Herbert Watkins was also there. The 21-year-old Marine nicknamed Buzzard was on one of the trucks and was hit by shrapnel outside Hue. Almost everyone got hit that day, including Canley who was bleeding from the face but ignored the wound.
“He was all over the place. He was charging machine gun nests, him and (Sgt. Alfredo) Gonzalez,” said Watkins in a phone interview from Manchester, N.H., where he retired after 36 years with the Post Office.
“He was directing fire, dragging people out of the street and he was always so calm. … It’s like it happened yesterday. I still visualize everything,” Watkins said, thinking of the sergeant the Marines still call Gunny. “Oh, a great man, a man of stone.”
Canley and Gonzalez fired M16 rockets and charged close enough to lob hand grenades and take out a machine gun site. They opened up a hole that allowed the bloodied battered Alpha Company, 1st Battalion, 1st Marine Regiment to advance into Hue and the heart of the Tet Offensive.

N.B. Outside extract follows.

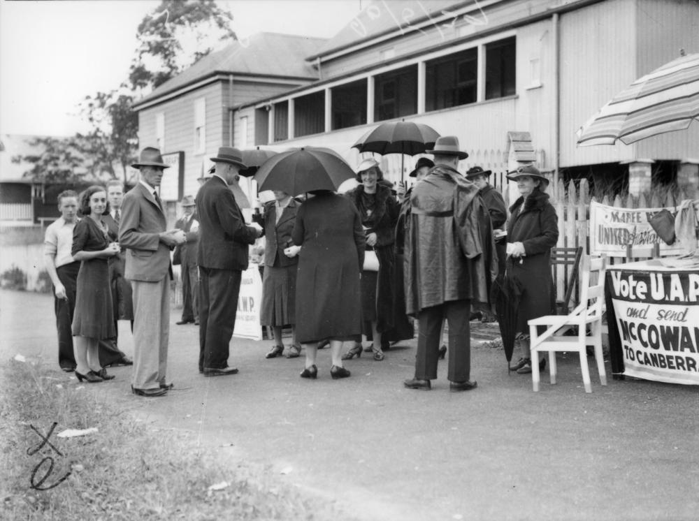 Griffith bye-election in Brisbane, 1939. This shows the United Australia Party table for their candidate Peter McCowan.

It took three days before new officers arrived for Alpha 1/1. John Ligato, a private first class who became an FBI agent after the war, calls them the missing days.

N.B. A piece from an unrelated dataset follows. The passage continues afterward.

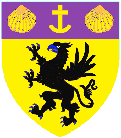 Shield of arms of The Lord Chatfield

Canley, still in command, performed the way he always did. He stood when others ducked. He ran into enemy fire to rescue his men, sometimes a cigarette still tucked into his mouth.
He encouraged and listened and led.
“He was John Wayne,” Ligato said. “We all like to think we’re a little brave. He’s on a different plane.”
There were two lifers: Canley and Gonzalez who died a few days after the company made it into Hue. Canley led the drive for Gonzalez to posthumously receive the Medal of Honor.
No one was left to write up Canley. The men he led finished their tours and left, coming back to a nation that had grown to hate the war. They lost touch with each other.
“No one wanted to talk about the (war) for 20 to 30 years,” Ligato said.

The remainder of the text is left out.